I want an exclusive backup
© Laurenz Albe 2019

 

The “exclusive backup” method of calling pg_start_backup('label') before backup and pg_stop_backup() afterwards is scheduled for removal in the future.

This article describes the problems with the old method and discusses the options for those who still use this backup method.

The “exclusive” backup method

Before pg_basebackup was invented, there was only one online file-system level backup method:

  • call “SELECT pg_start_backup('label')”, where 'label' is an arbitrary string
  • backup all the files in the PostgreSQL data directory with an arbitrary backup method
  • call “SELECT pg_stop_backup()

This method is called exclusive because only one such backup can be performed simultaneously.

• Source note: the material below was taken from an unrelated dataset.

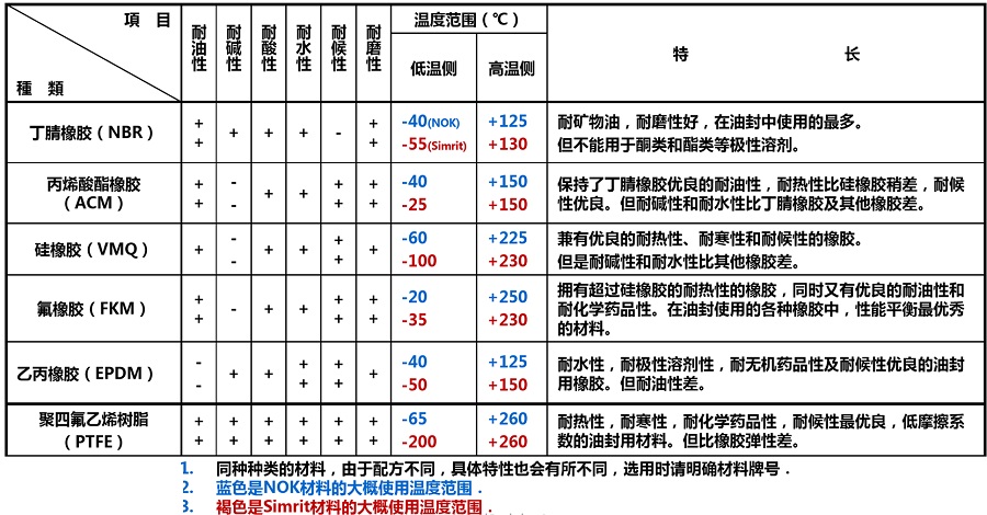 油封使用的橡膠種類及其特長

pg_start_backup creates a file backup_label in the data directory that contains the location of the checkpoint starting the backup. This makes sure that during startup, PostgreSQL does not recover from the latest checkpoint registered in pg_control. Doing so would cause data corruption, since the backup may contain data files from before that checkpoint. Don’t forget that database activity, including checkpointing, continues normally in backup mode!

The problem with the exclusive backup method

This backup method can cause trouble if PostgreSQL or the operating system crash during backup mode.
When PostgreSQL starts up after such a crash, it will find the backup_label file and deduce that it is recovering a backup. There is no way to distinguish the data directory of a server crashed while in backup mode from a backup!

Consequently, PostgreSQL will try to recover from the checkpoint in backup_label. Lacking a recovery.conf file with a restore_command, it will resort to the transaction log (=WAL) files in pg_wal (pg_xlog on older versions).

But the database might have been in backup mode for a longer time before the crash. If there has been enough data modification activity in that time, the WAL segment with the starting checkpoint may already have been archived and removed.

The startup process will then fail with this error message:

ERROR:  could not find redo location referenced by checkpoint record
HINT:  If you are not restoring from a backup, try removing the file "backup_label".

You have to manually remove the backup_label file left behind from the failed backup to be able to restart PostgreSQL.
Today, in the age of automated provisioning, requiring manual intervention is even less tolerated than it used to be. So this behavior is not acceptable in many cases.

Overcoming the problem with pg_basebackup

In PostgreSQL 9.1, pg_basebackup was introduced, which provides a much simpler method to create an online file-system backup.

It introduced the “non-exclusive” backup method, meaning that several such backups can be performed at the same time. backup_label is not written to the data directory but added only to the backup. Consequently, pg_basebackup is not vulnerable to the problem described above.

pg_basebackup makes backups simple, but since it copies all data files via a single database connection, it can take too long to back up a large database.
To deal with such databases, you still had to resort to the “low-level backup API” provided by pg_start_backup and pg_stop_backup with all its problems.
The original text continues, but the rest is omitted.